Although Sorto-Romero did not change the blades in the shaper, he had been trained to use the machine including "how to cut the pieces of wood . . . [and] how to raise the blade or lower the blade," as well as "everything else that needed to be done." Deposition of Irene SortoRomero, dated June 9, 2006 ("Pl. Dep."), at 38-39.

Sorto-Romero's supervisor instructed him in the use of the machine and told him to always "be careful" when working on the wood shaper. Id. at 40. Asked if, prior to the date of his accident, he was aware that, if his hand came into contact with the blade he would be cut, Sorto-Romero responded: "Yes, of course, that is always on our minds.

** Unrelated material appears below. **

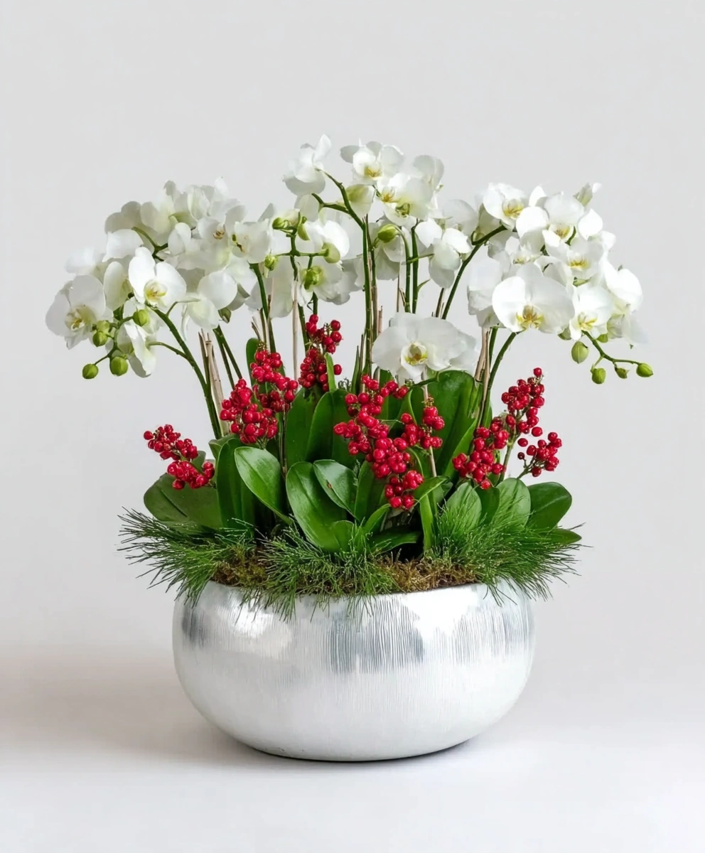 The ‘Holiday Radiance: 10 Mini Orchids’ is more than just a decorative planter—it’s the perfect gift for loved ones or colleagues during the festive season. Its timeless design makes it suitable for various occasions, from Christmas celebrations to elegant winter gatherings. The long-lasting nature of the orchids also ensures that it continues to bring joy long after the festivities have ended, making it a cherished reminder of holiday warmth and cheer.

We were afraid cutting the wood [sic] because without protection you can always cut yourself." Id. 41-42.

The day before his accident Sorto-Romero was given an assignment to fabricate two hundred (200) "cookies," which are diamond-shaped wooden ornaments which are placed on a fence section as decoration. After receiving the assignment, Sorto-Romero fabricated approximately twenty five (25) before the accident occurred, as follows: First, either SortoRomero or co-worker, Miguel, used a hand-held Skil Saw to cut an eight (8) foot long board/plank into either four (4) or five (5) separate pieces. Id. at 43-44, 46-47. With the shaper running, Sorto-Romero would hold the section of wood against the two wood guides (i.e., fence guard); the cutting blade is located in between these wood guides. Id. at 81-82, 84. SortoRomero then would hold the board with both hands, continually applying pressure, and pushing the board from right to left. Id. at 89-90.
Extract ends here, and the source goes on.